Laboratory
Our laboratory is divided into five areas: Industrial Science, Human Movement Science, Electrical Engineering, Computer Science and Mechanical Engineering.
Labour science
Occupational science is concerned with the interaction and role of people and other components (e.g. tools, workplace) in work systems. Against this background, the professorship conducts research into the interaction between people, activity and technology (especially exoskeletons) to analyse and design sustainable workplaces in order to improve the well-being of people in work systems.
Movement sciences
We try to view the phenomenon of human movement comprehensively as a neurophysiological and biomechanical process, starting in the central nervous system and ending with the end product of the coordinated execution of complex movement tasks.
In the context of human-machine interaction, we are particularly interested in the effects of external force influences (such as technical support systems) on movement as well as on the underlying anatomical structures and physiological processes.
Electrical engineering
The various fields of electrical engineering and electronics play a key role in the design of complex support systems.
The continuously increasing performance of electromechanical drives and advances in sensor technology form the basis for the development of exoskeletal systems.

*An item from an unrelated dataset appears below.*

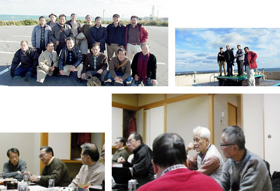 今年の同期会は本州最東端の銚子・犬吠埼で行われました。機械・電気・化学3科合わせて19名の多数の参加者でした。 いつもながらの近況報告をし合い、飲んで食べてただワイワイ・ガヤガヤするだけですが、これが1年に一度のほんとうに楽しいひと時です。 翌日は、電気の志垣さんの勧めで風力発電の風車を見学に行きました。写真にもあるように真下から見上げた大羽根の回転は迫力がありました。 (5M 大石記) |

By using electronic sensors and power electronics, intelligent systems can be created that exhibit the desired system behaviour and thus enable harmonious human-machine interaction.
Computer Science
Several sub-areas from the broad spectrum of Computer Science are applied at our professorship. One focus is on embedded programming to make sensor data processing, control and communication of exoskeletons with users and other devices safe and efficient. In addition, various machine learning methods are being researched to enable smooth human-machine interaction.
Mechanical engineering
In order to fulfil the complex requirements of exoskeletons, knowledge from mechanics and dynamics, control engineering and the design of mechatronic systems must be combined and expanded. By optimising individual components as well as their assembly and production, lightweight, wearable systems can be developed that support their users with the right force/torque at the right time and in the right place.